(Records drawn from a dataset)
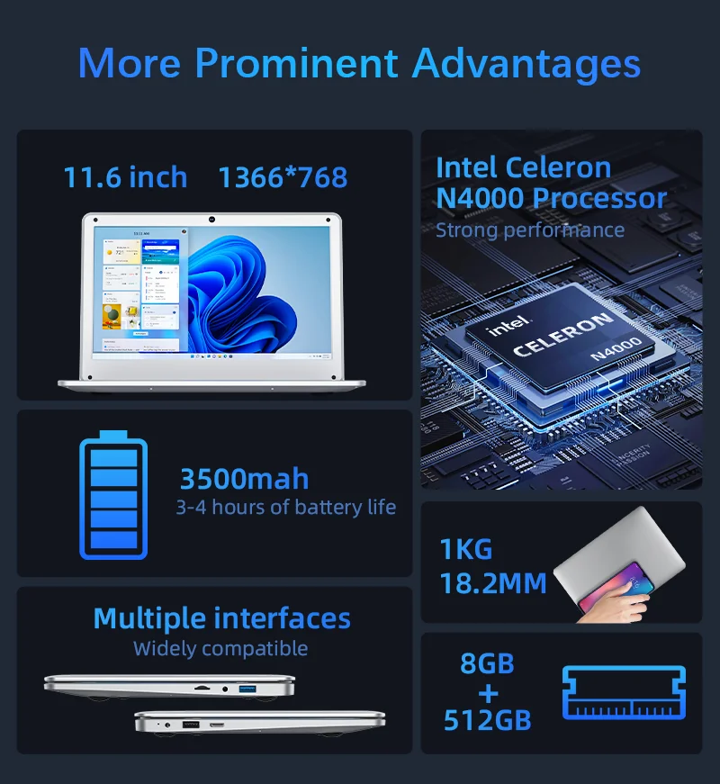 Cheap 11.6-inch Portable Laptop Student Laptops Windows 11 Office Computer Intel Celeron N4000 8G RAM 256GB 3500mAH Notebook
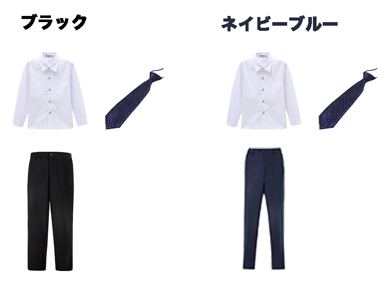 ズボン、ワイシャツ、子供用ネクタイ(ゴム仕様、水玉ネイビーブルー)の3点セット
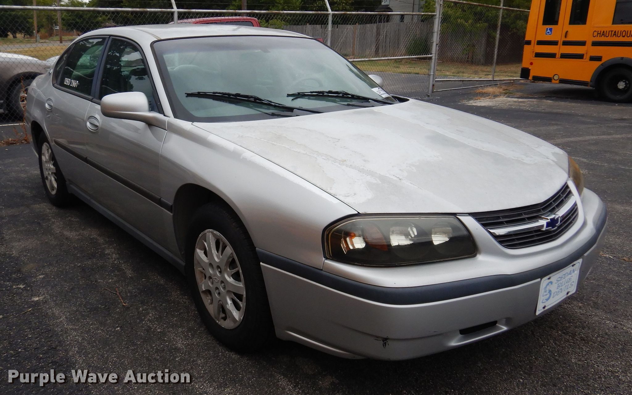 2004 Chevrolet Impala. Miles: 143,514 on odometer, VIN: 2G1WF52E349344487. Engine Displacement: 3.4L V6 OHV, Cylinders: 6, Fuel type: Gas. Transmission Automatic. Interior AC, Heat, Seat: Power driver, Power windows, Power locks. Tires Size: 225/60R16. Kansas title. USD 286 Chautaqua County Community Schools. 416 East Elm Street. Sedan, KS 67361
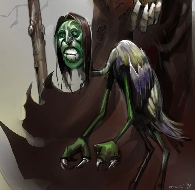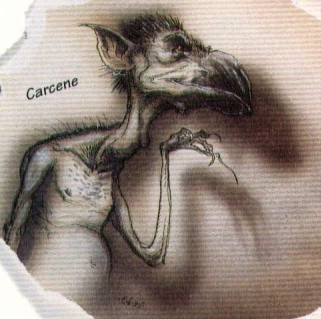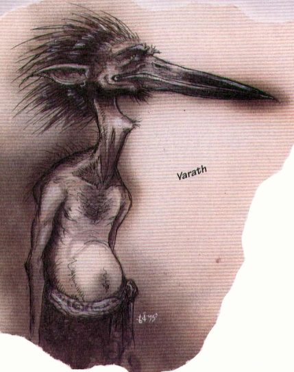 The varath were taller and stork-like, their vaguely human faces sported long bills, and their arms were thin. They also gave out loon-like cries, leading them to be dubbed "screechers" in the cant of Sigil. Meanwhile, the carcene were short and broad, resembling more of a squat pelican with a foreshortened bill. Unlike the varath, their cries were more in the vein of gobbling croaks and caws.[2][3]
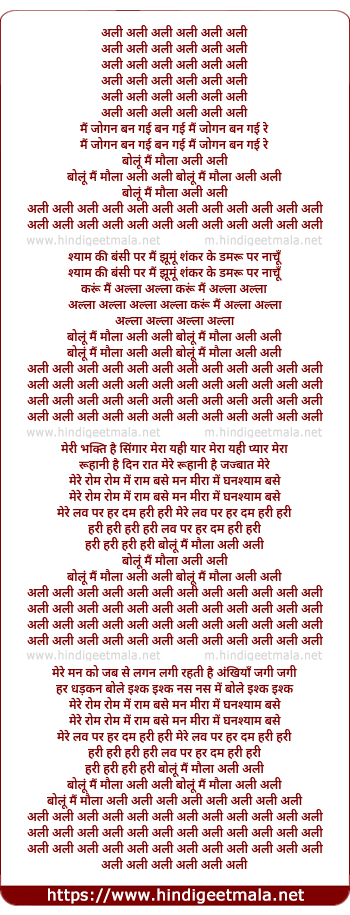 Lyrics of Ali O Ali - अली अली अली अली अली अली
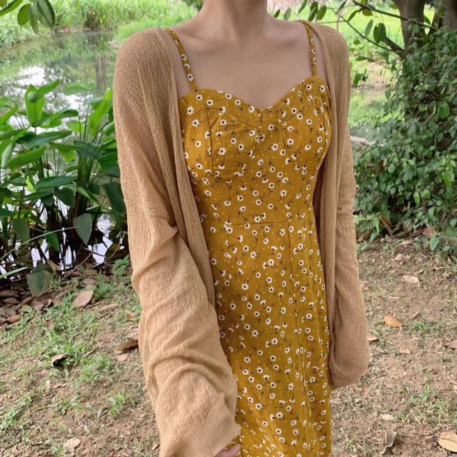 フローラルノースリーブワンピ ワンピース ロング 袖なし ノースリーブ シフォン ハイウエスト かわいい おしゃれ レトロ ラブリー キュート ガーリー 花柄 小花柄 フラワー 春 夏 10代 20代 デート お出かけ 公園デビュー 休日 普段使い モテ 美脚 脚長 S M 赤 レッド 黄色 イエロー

◆ About this exercise:
Transcribe the records verbatim and omit the images.

◆ The answer:
 Cheap 11.6-inch Portable Laptop Student Laptops Windows 11 Office Computer Intel Celeron N4000 8G RAM 256GB 3500mAH Notebook
 ズボン、ワイシャツ、子供用ネクタイ(ゴム仕様、水玉ネイビーブルー)の3点セット
 2004 Chevrolet Impala. Miles: 143,514 on odometer, VIN: 2G1WF52E349344487. Engine Displacement: 3.4L V6 OHV, Cylinders: 6, Fuel type: Gas. Transmission Automatic. Interior AC, Heat, Seat: Power driver, Power windows, Power locks. Tires Size: 225/60R16. Kansas title. USD 286 Chautaqua County Community Schools. 416 East Elm Street. Sedan, KS 67361
 The varath were taller and stork-like, their vaguely human faces sported long bills, and their arms were thin. They also gave out loon-like cries, leading them to be dubbed "screechers" in the cant of Sigil. Meanwhile, the carcene were short and broad, resembling more of a squat pelican with a foreshortened bill. Unlike the varath, their cries were more in the vein of gobbling croaks and caws.[2][3]
 Lyrics of Ali O Ali - अली अली अली अली अली अली
 フローラルノースリーブワンピ ワンピース ロング 袖なし ノースリーブ シフォン ハイウエスト かわいい おしゃれ レトロ ラブリー キュート ガーリー 花柄 小花柄 フラワー 春 夏 10代 20代 デート お出かけ 公園デビュー 休日 普段使い モテ 美脚 脚長 S M 赤 レッド 黄色 イエロー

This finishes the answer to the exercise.